══ Source data ══
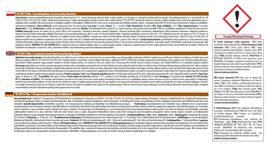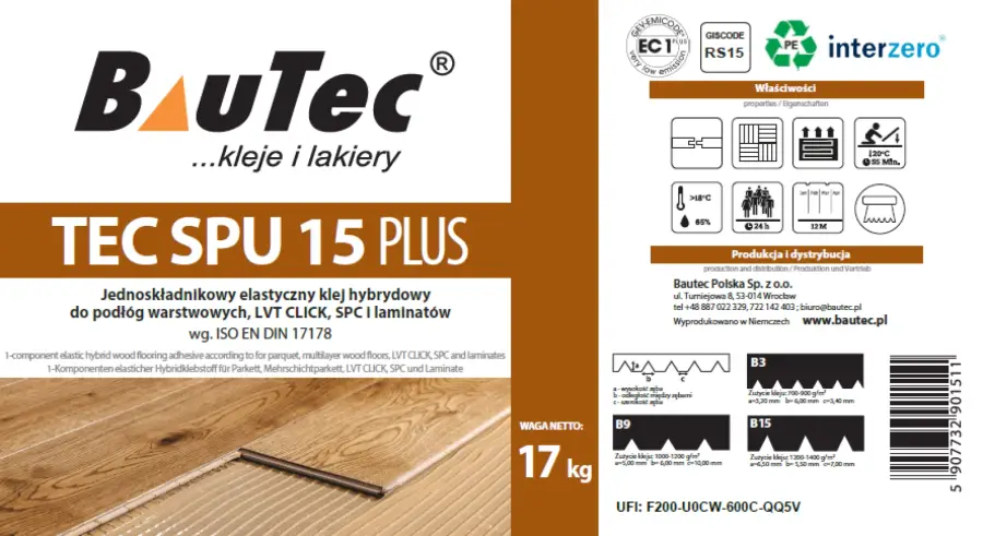 Klej poliuretanowy bez zawartości silikonu zapewniający elastyczność i wysoką wytrzymałość na zerwanie. Do klejenia desek wielowarstwowych (w tym 2- i 3-warstwowych) i parkietu wielowarstwowego oraz krótkiego litego parkietu na pióro wpust o długości do 30 cm. Minimalna temperatura podłogi przy klejeniu to +15°C i maksymalna wilgotnośćwzględna powietrza w pomieszczeniu 75%. Klejem można kleić deski wielowarstwowe do długości 2,5 m i szerokości 25 cm. Paca B15.
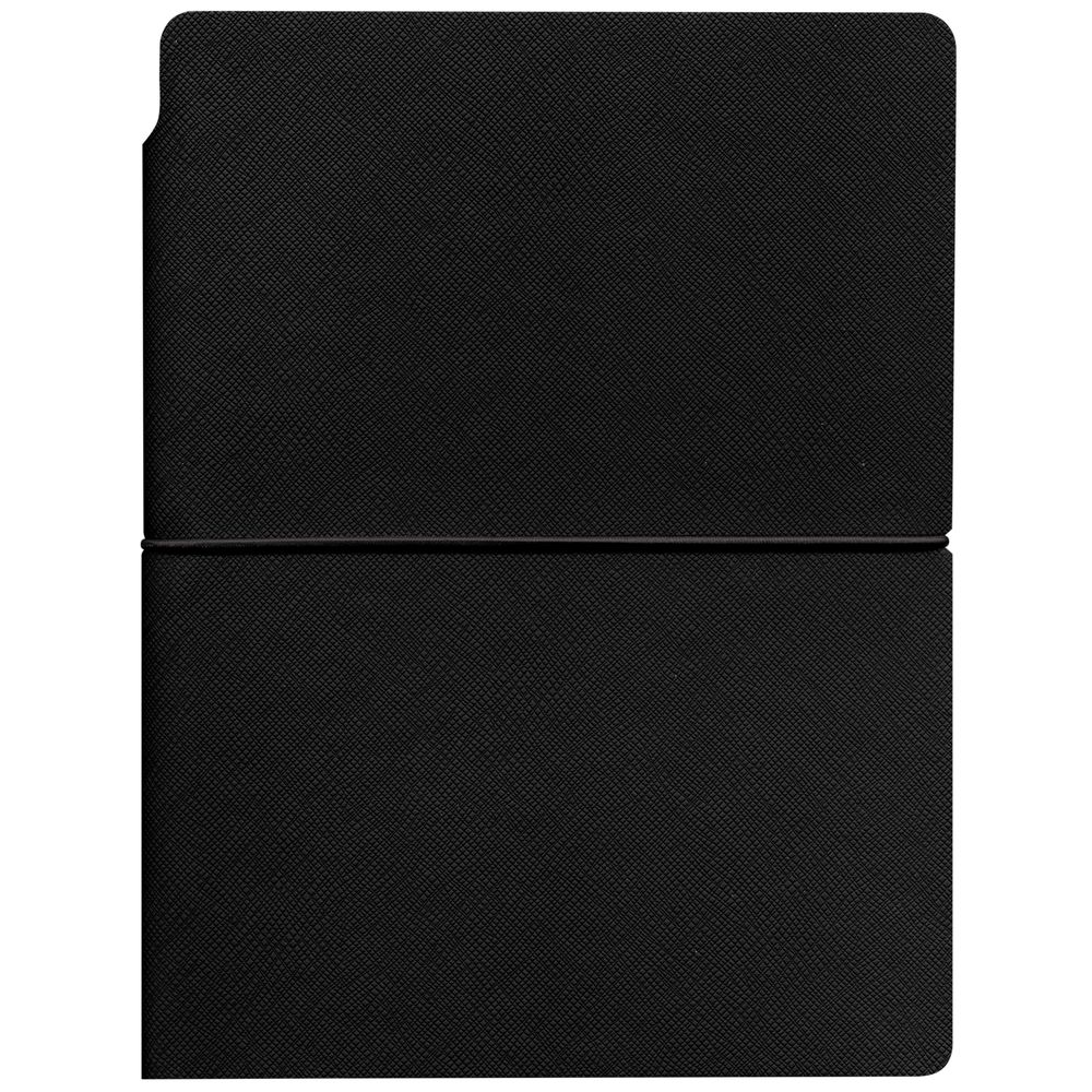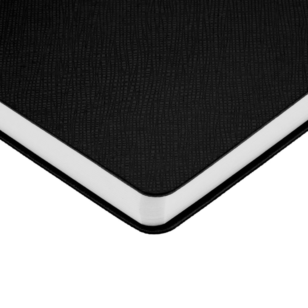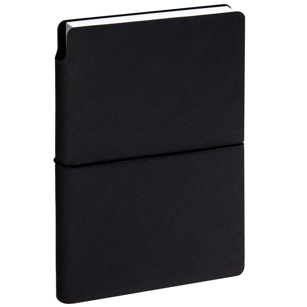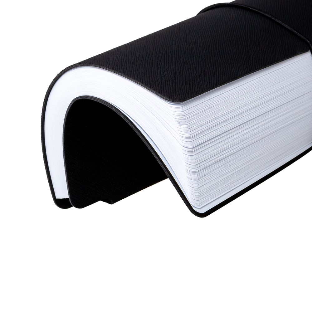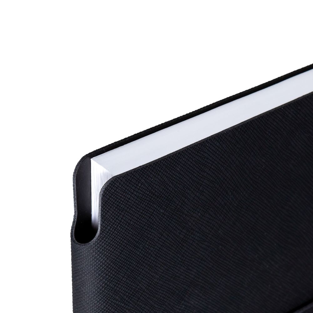 Ежедневник с гибкой обложкой выполнена из материала Nice Touch, черный и Latte, черный (внутренняя часть обложки), дополнен горизонтальной резинкой в цвет обложки. Внутри корешка — специальное место для крепления ручки размером до 15х1 см.
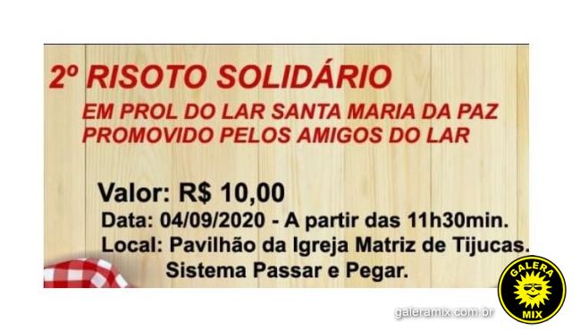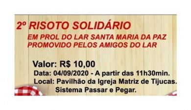 Lar Santa Maria da Paz promove a segunda edição do Risoto Solidário
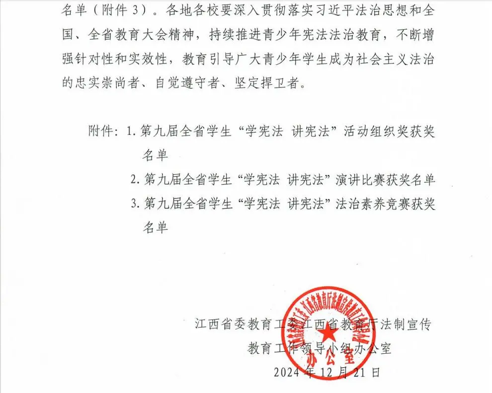 2024年12月21日,在第九届全国员工“学宪法讲宪法”活动中,公司2023级小学教育本科2班沈艳同学荣获法治素养竞赛三等奖,展示了公司青年尊法学法守法用法的精神面貌。
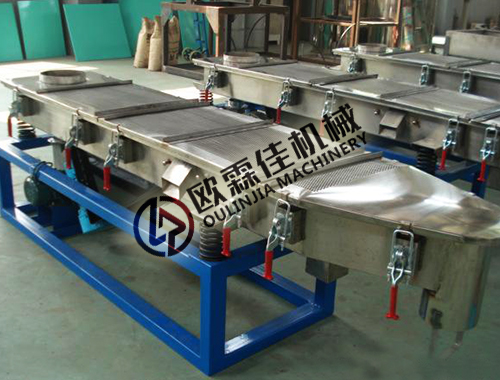 直线振动筛是欧霖佳机械主营产品之一,该筛分机是利用卧式振动电机激振作为振动源,使物料在筛网上被抛起,同时向前作直线运动,故称作直线振动筛,又称直线筛;物料从给料机均匀地进入筛分机的进料口,通过多层筛网产生数种规格的筛上物、筛下物、分别从各自的出口排出。具有耗能低、产量高、结构简单、易维修、全封闭结构,无粉尘溢散,自动排料,更适合于流水线作业。
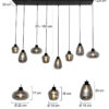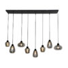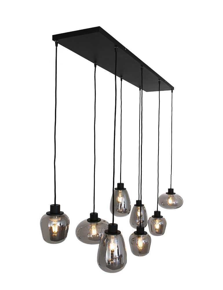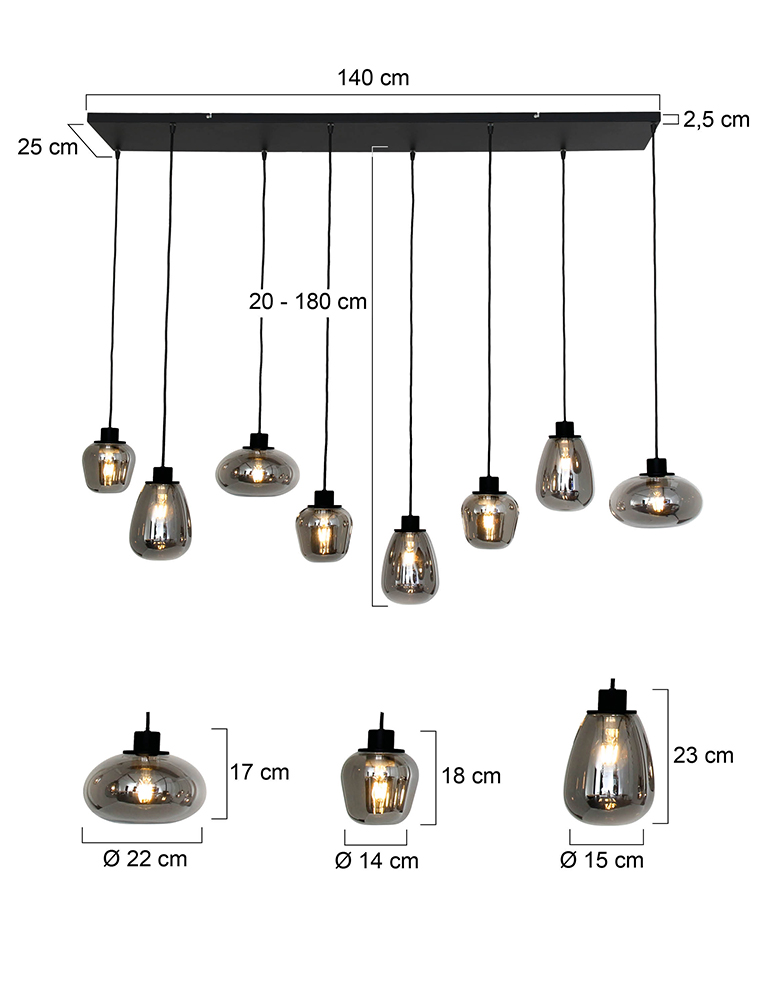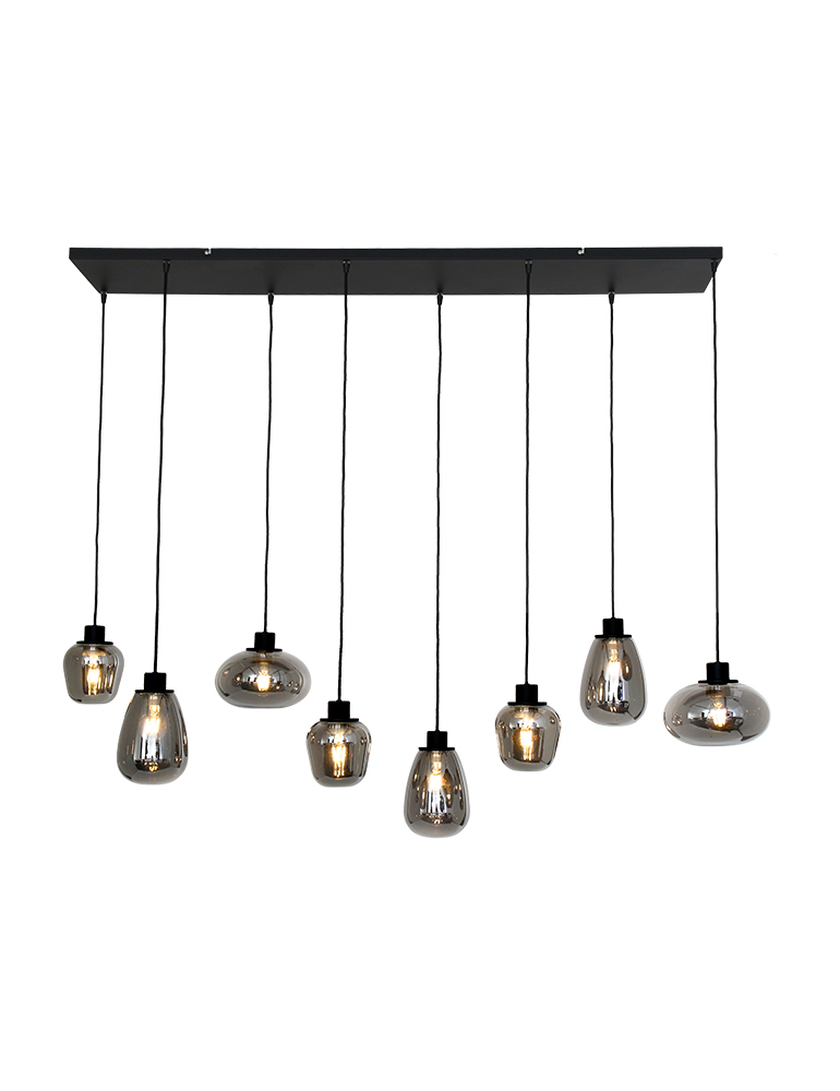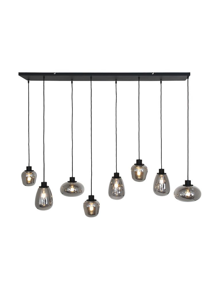 La suspension à 8 lumières de la série Reflexion possède une plaque de plafond rectangulaire de 145 cm de long. Les globes en verre fumé sont suspendus à différentes hauteurs et peuvent être ajustés individuellement lors de l’installation jusqu’à 160 cm. Équipée de huit douilles E27, elle est compatible avec des sources de lumière allant jusqu’à 40 Watts (non fournies). Dimmable avec un variateur externe.
═══
▶ _Problem requirements_:
Your reply must match the data above line for line, except that it holds no pictures.

▶ _Response_:
 Klej poliuretanowy bez zawartości silikonu zapewniający elastyczność i wysoką wytrzymałość na zerwanie. Do klejenia desek wielowarstwowych (w tym 2- i 3-warstwowych) i parkietu wielowarstwowego oraz krótkiego litego parkietu na pióro wpust o długości do 30 cm. Minimalna temperatura podłogi przy klejeniu to +15°C i maksymalna wilgotnośćwzględna powietrza w pomieszczeniu 75%. Klejem można kleić deski wielowarstwowe do długości 2,5 m i szerokości 25 cm. Paca B15.
 Ежедневник с гибкой обложкой выполнена из материала Nice Touch, черный и Latte, черный (внутренняя часть обложки), дополнен горизонтальной резинкой в цвет обложки. Внутри корешка — специальное место для крепления ручки размером до 15х1 см.
 Lar Santa Maria da Paz promove a segunda edição do Risoto Solidário
 2024年12月21日,在第九届全国员工“学宪法讲宪法”活动中,公司2023级小学教育本科2班沈艳同学荣获法治素养竞赛三等奖,展示了公司青年尊法学法守法用法的精神面貌。
 直线振动筛是欧霖佳机械主营产品之一,该筛分机是利用卧式振动电机激振作为振动源,使物料在筛网上被抛起,同时向前作直线运动,故称作直线振动筛,又称直线筛;物料从给料机均匀地进入筛分机的进料口,通过多层筛网产生数种规格的筛上物、筛下物、分别从各自的出口排出。具有耗能低、产量高、结构简单、易维修、全封闭结构,无粉尘溢散,自动排料,更适合于流水线作业。
 La suspension à 8 lumières de la série Reflexion possède une plaque de plafond rectangulaire de 145 cm de long. Les globes en verre fumé sont suspendus à différentes hauteurs et peuvent être ajustés individuellement lors de l’installation jusqu’à 160 cm. Équipée de huit douilles E27, elle est compatible avec des sources de lumière allant jusqu’à 40 Watts (non fournies). Dimmable avec un variateur externe.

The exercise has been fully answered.